Earlier today I exchanged some tweets with @martinberx about some optimizer questions and after posting more information on the ORACLE-L list, I was able to reproduce what he was observing.
The issue:
DB: 11.2.0.2.0 - 64bit I have a small query with a little error, which causes big troubles. The relevant part of the query is WHERE …. AND inst_prod_type=003 AND setid=’COM01’
but INST_PROD_TYPE is VARCHAR2.
this leads to filter[ (TO_NUMBER(“INST_PROD_TYPE”)=3 AND “SETID”=’COM01’) ]
based on this TO_NUMBER ( I guess!) the optimiser takes a fix selectivity of 1%.
Can someone tell me if this 1% is right?

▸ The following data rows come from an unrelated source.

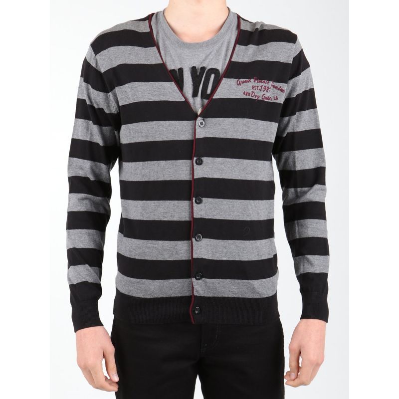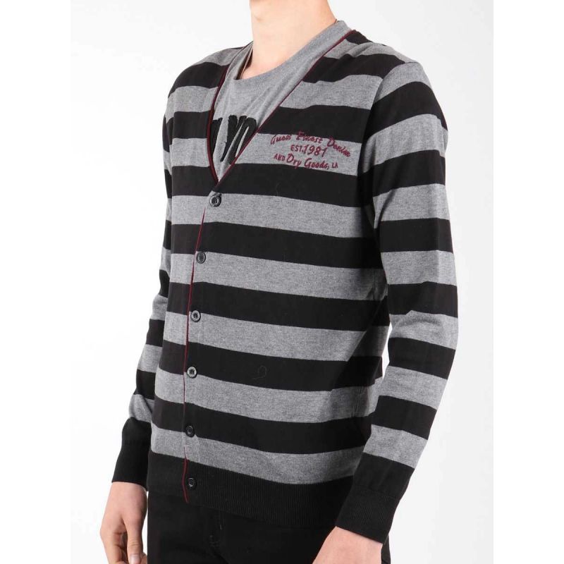 -Men's sweater with long sleeves -The model is fastened with buttons -Color: black and gray stripes -Material: 100% cotton
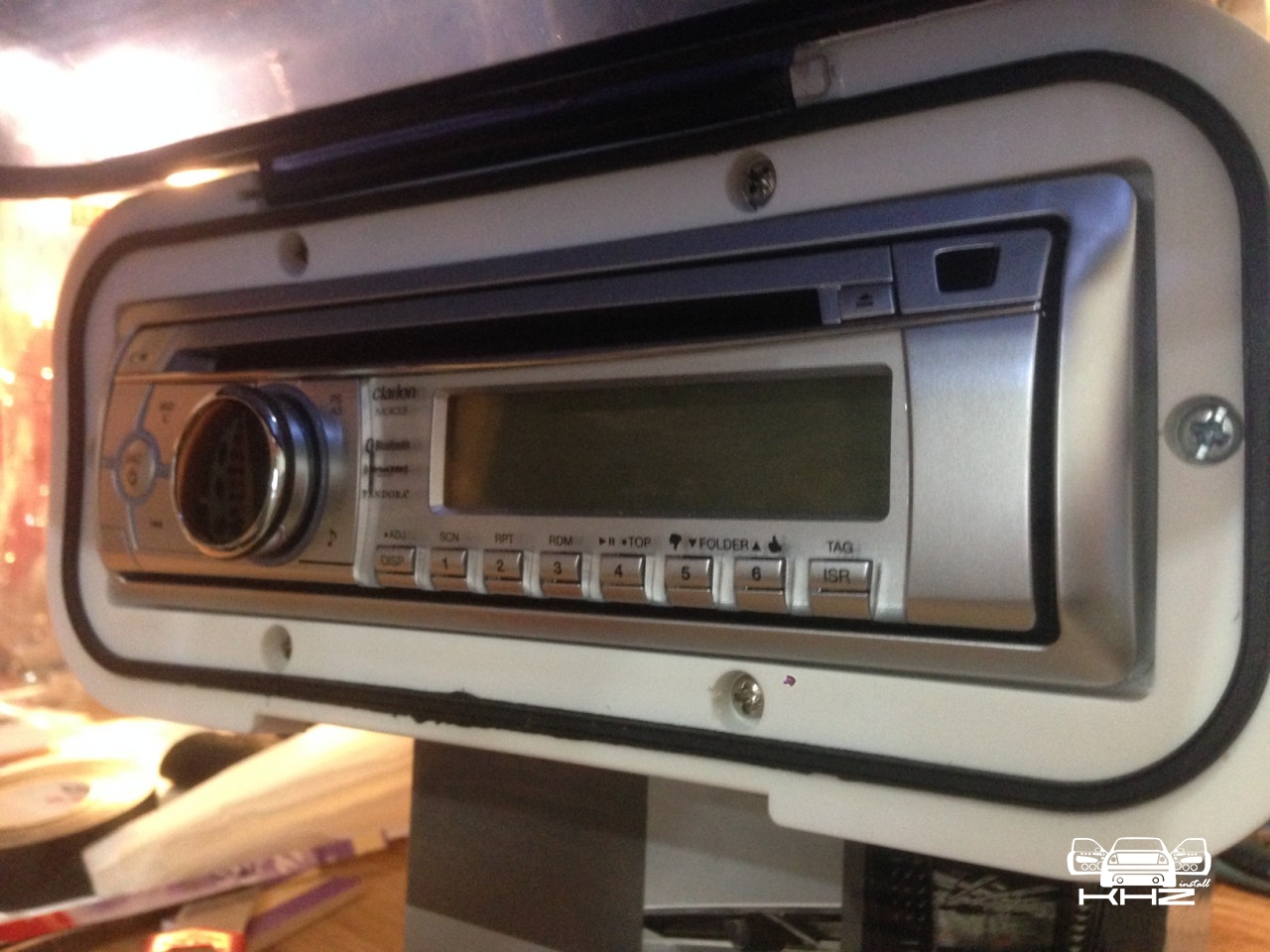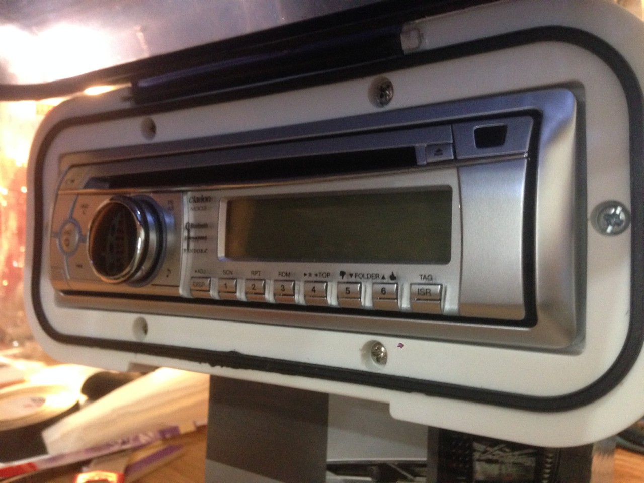 З цим ми закінчили і перейшли до встановлення головного пристрою, а саме - морської магнітоли Clarion M303, дуже багатофункціонального апарату з хорошим звучанням і найголовніше - з функцією блютуз, під нього замовник підібрав корпус вологозахисний, ми його туди упакували і вивели всі роз'єми.
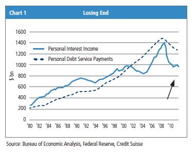 Gross presents this chart to show the destructive force of super-low interest rates on families with savings, who are now facing debt payments much higher than interest earned:
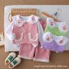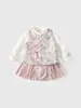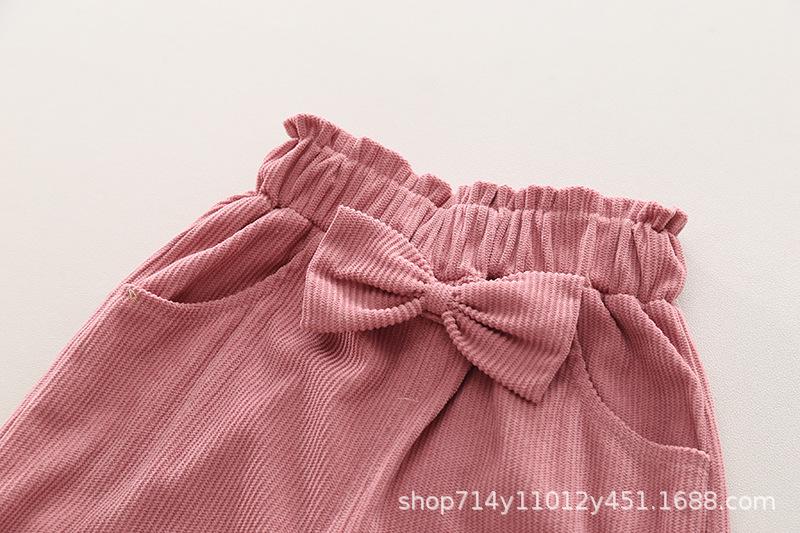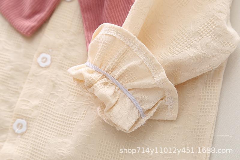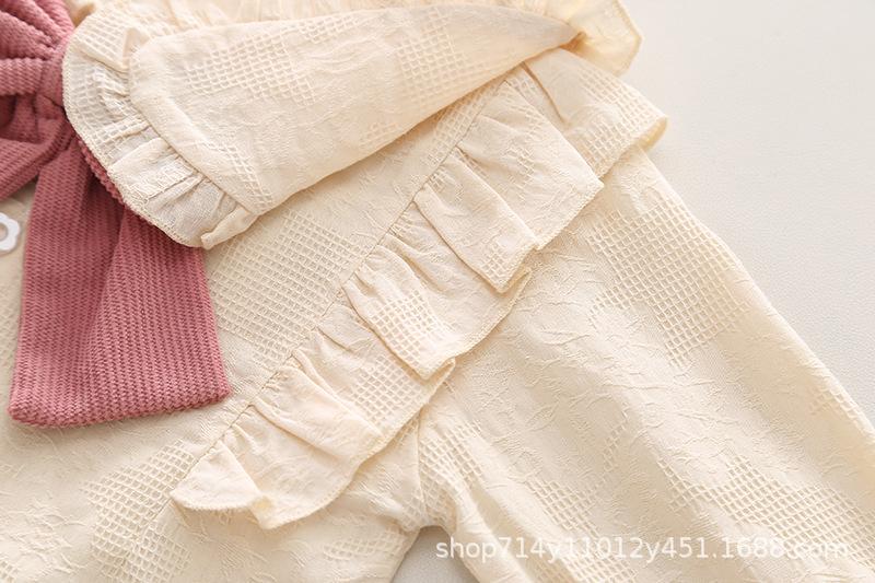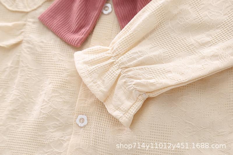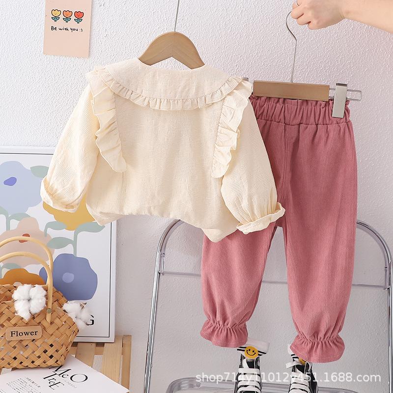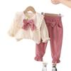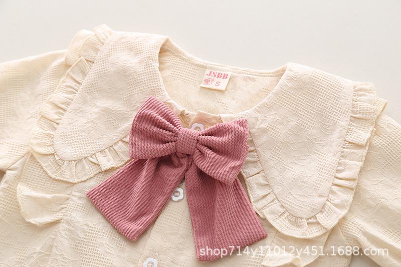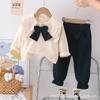 Otoño 2025 Nuevo Estilo Coreano para Niñas Cuello Peter Pan Color Sólido Set de Lazo Grande Ropa de Otoño para Bebé Niña Set de Dos Piezas
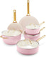 18-piece nonstick cookware set which includes 1 and 2 quarts saucepan pots with lids, 5 quart casserole with lid, 3 quart saute pan pot w/ lid, 8-inch and 10-inch open fry pan, soup ladle, pasta fork, and strainer The PTFE/PFOA/PFOS-free non stick pot set cooking ware features a long lasting...
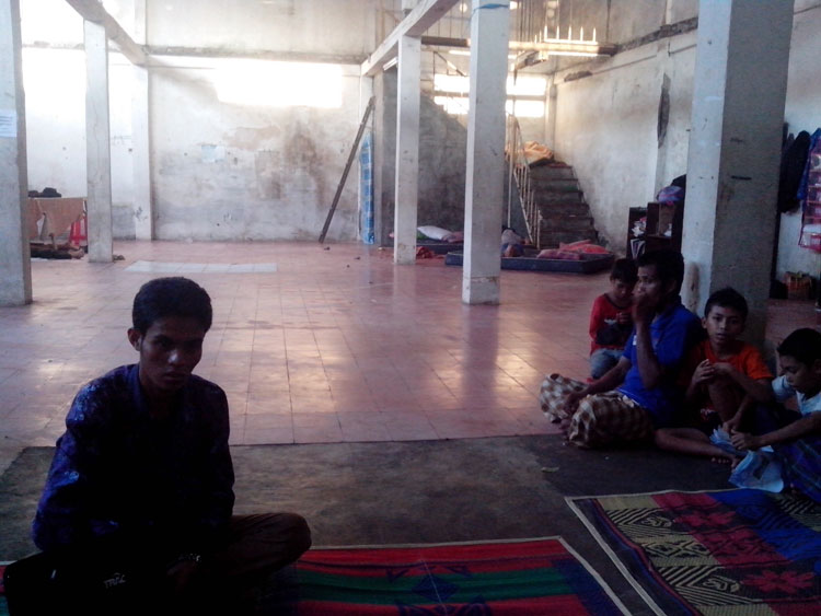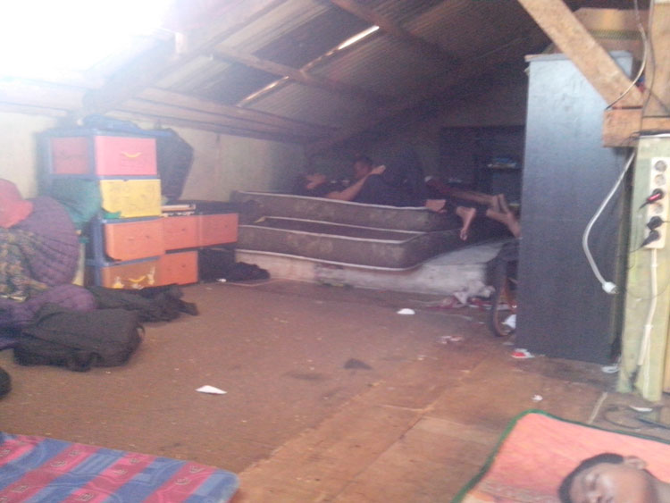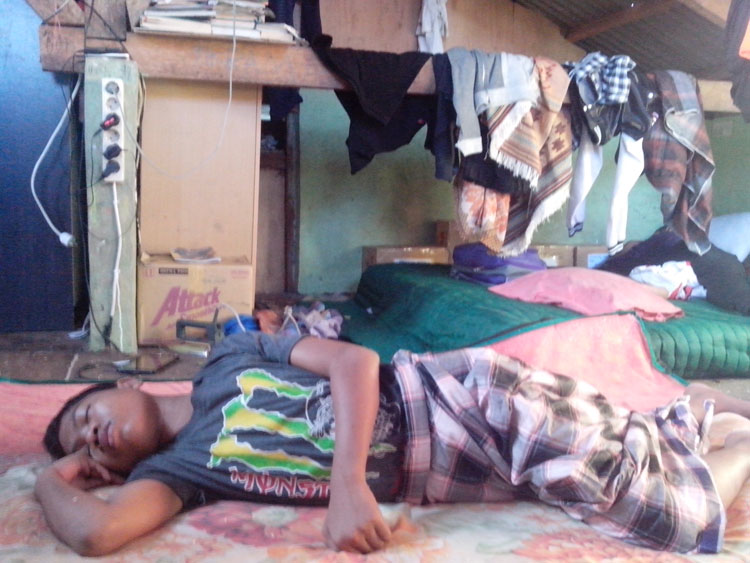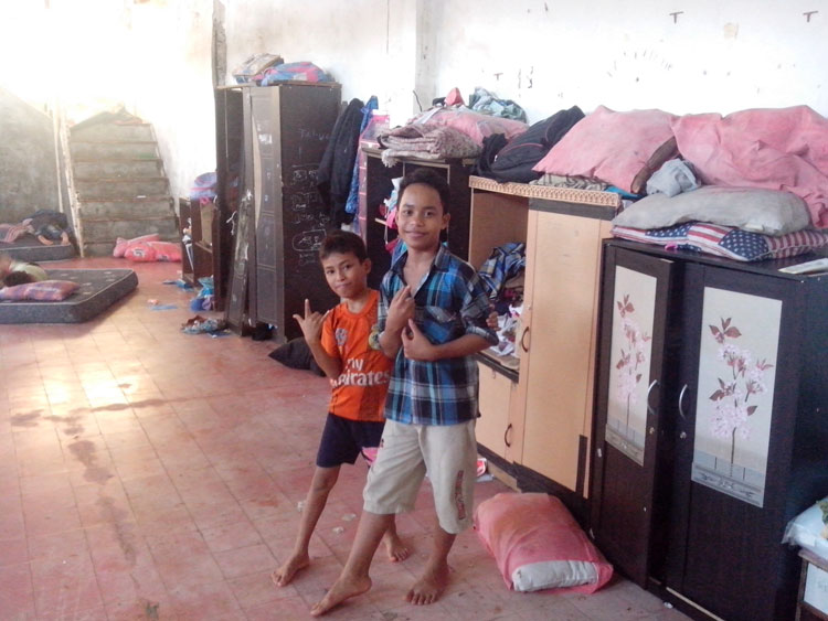 Kuberjalan ke atas plafon yang kata pengurus itu lantai dua. Terlihat seorang bocah didepan mata pulas menikmati tidurnya. Langsung dibawah atap seng ada kasur-kasur tidur, slempangan baju, lemari plastik.
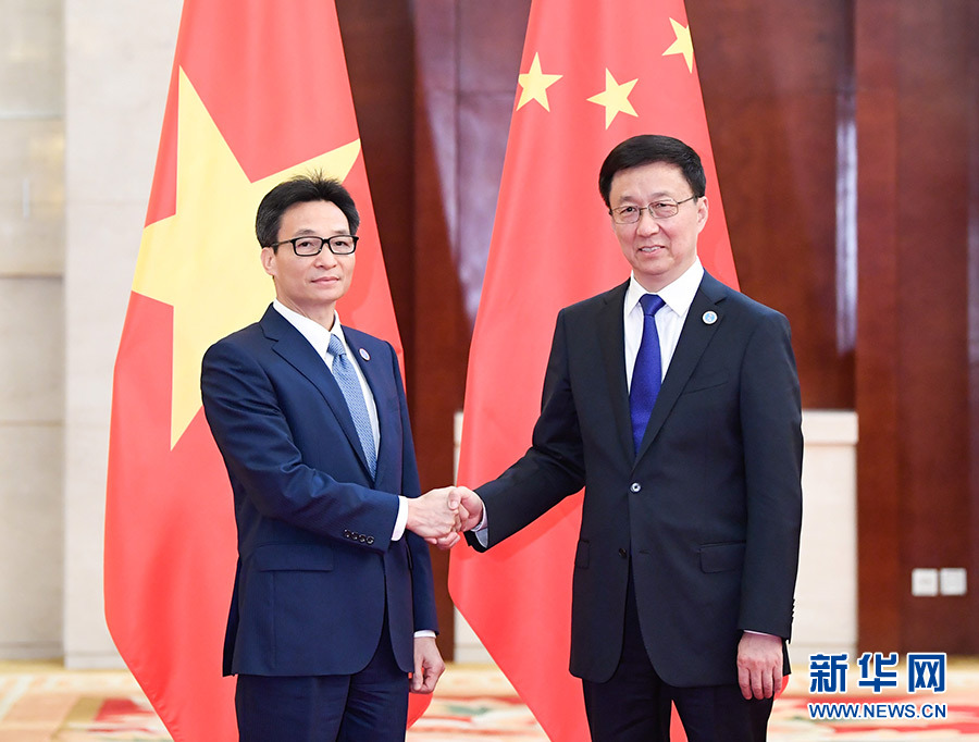 9月20日,中共中央政治局常委、國(guó)務(wù)院副總理韓正在廣西南寧會(huì)見(jiàn)出席第十六屆中國(guó)—東盟博覽會(huì)和中國(guó)—東盟商務(wù)與投資峰會(huì)的越南副總理武德?lián)?新華社記者 申宏 攝
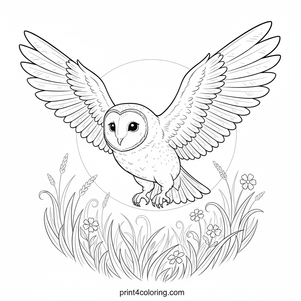 Moonlit Barn Owl's Graceful Flight Coloring Page
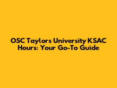 Taylor's University KSAC Hours: OSC Guide
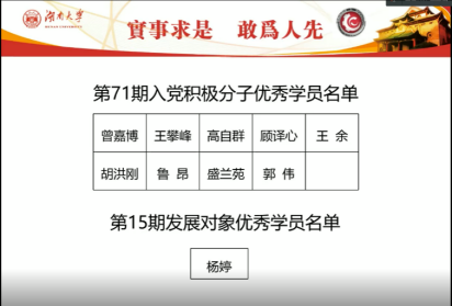 第71期入党积极分子暨第15期发展对象培训班结业仪式成功举行。本次结业仪式由学工办王玉迪老师主持,各支部本期入党积极分子和发展对象参与会议。此次结业仪式还特别邀请到了学院党委副书记贺迅老师。由于近期全国疫情,本次会议全程在腾讯会议上举行。
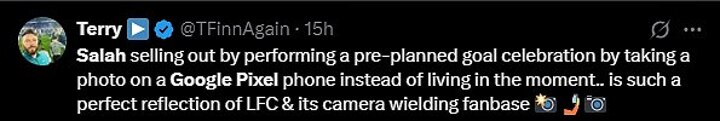 Another wrote: 'Salah selling out by performing a pre-planned goal celebration by taking a photo on a Google Pixel phone instead of living in the moment.. is such a perfect reflection of LFC & its camera wielding fanbase.'
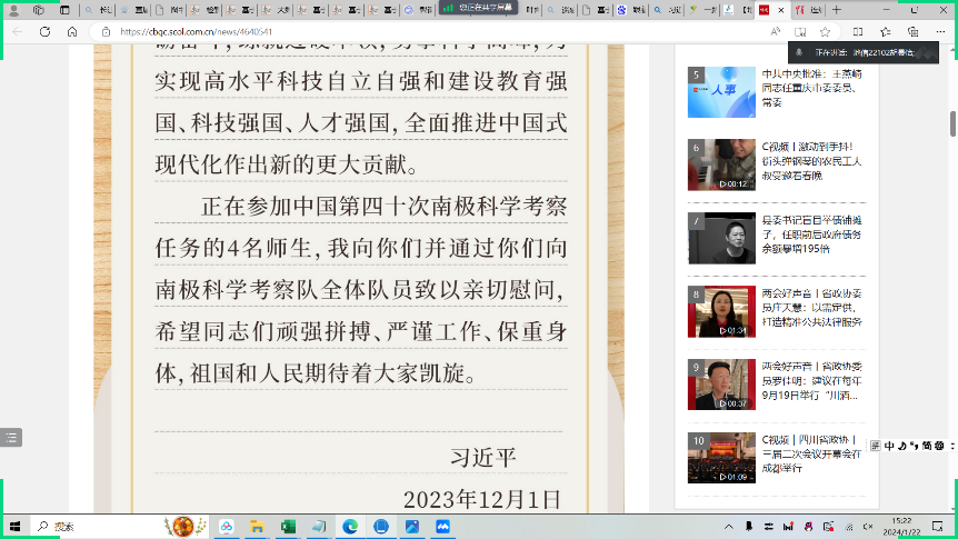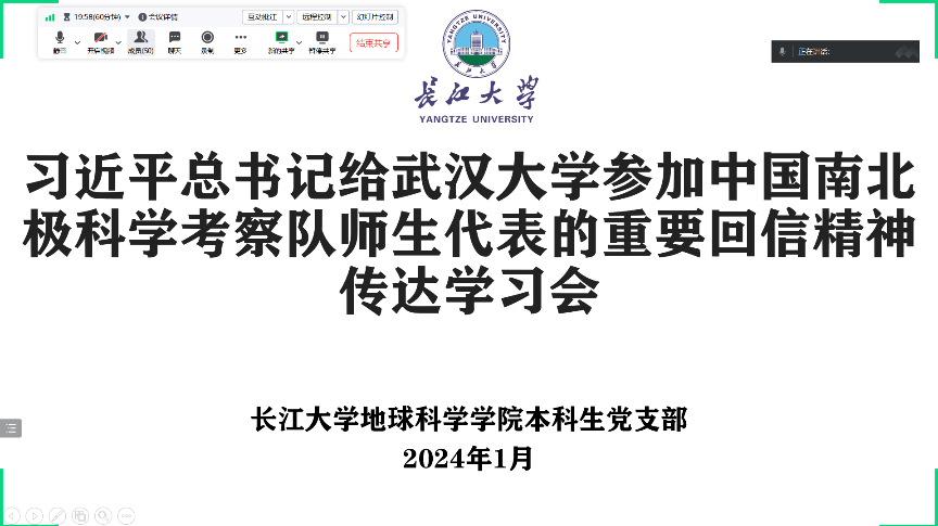 (通讯员姚佳胡景怡)1月22日下午,太阳成集团122ccvip通过线上、线下结合的方式,召开习近平总书记给武汉大学参加中国南北极科学考察队师生代表的重要回信精神传达学习会,全体本科生及创新理论学习小组成员参加本次大会。

Jonathan Lewis “CBO Fundamentals” on page 133 is only talking about character expressions.
Unfortunately there are only 2 distinct values of INST_PROD_TYPE so this artificial [low] selectivity leads to my problem: An INDEX SKIP SCAN on PS0RF_INST_PROD is choosen. (columns of PS0RF_INST_PROD: INST_PROD_TYPE, SETID, INST_PROD_ID )
After fixing the statement to AND inst_prod_type=’003’ another index is used and the statement performs as expected.
Now I have no problem, but want to find the optimizers decisions in my 10053 traces.
The Important Bits of Information
From Martin’s email we need to pay close attention to:
- Predicate of “inst_prod_type=003” where INST_PROD_TYPE is VARCHAR2 (noting no single quotes around 003)
- Implicite datatype conversion in predicate section of explain plan - TO_NUMBER(“INST_PROD_TYPE”)=3
- only 2 distinct values of INST_PROD_TYPE
From this information I’ll construct the following test case:
create table foo (c1 varchar2(8));
insert into foo select '003' from dual connect by level <= 1000000;
insert into foo select '100' from dual connect by level <= 1000000;
commit;
exec dbms_stats.gather_table_stats(user,'foo');
And using the display_raw function we’ll look at the column stats.
col low_val for a8
col high_val for a8
col data_type for a9
col column_name for a11
select
a.column_name,
display_raw(a.low_value,b.data_type) as low_val,
display_raw(a.high_value,b.data_type) as high_val,
b.data_type,
a.density,
a.histogram,
a.num_buckets
from
user_tab_col_statistics a, user_tab_cols b
where
a.table_name='FOO' and
a.table_name=b.table_name and
a.column_name=b.column_name
/
COLUMN_NAME LOW_VAL HIGH_VAL DATA_TYPE DENSITY HISTOGRAM NUM_BUCKETS
----------- -------- -------- --------- ---------- --------------- -----------
C1 003 100 VARCHAR2 .5 NONE 1
Take note of the lack of a histogram.
Now let’s see what the CBO estimates for a simple query with and without quotes (explicit cast and implicit cast).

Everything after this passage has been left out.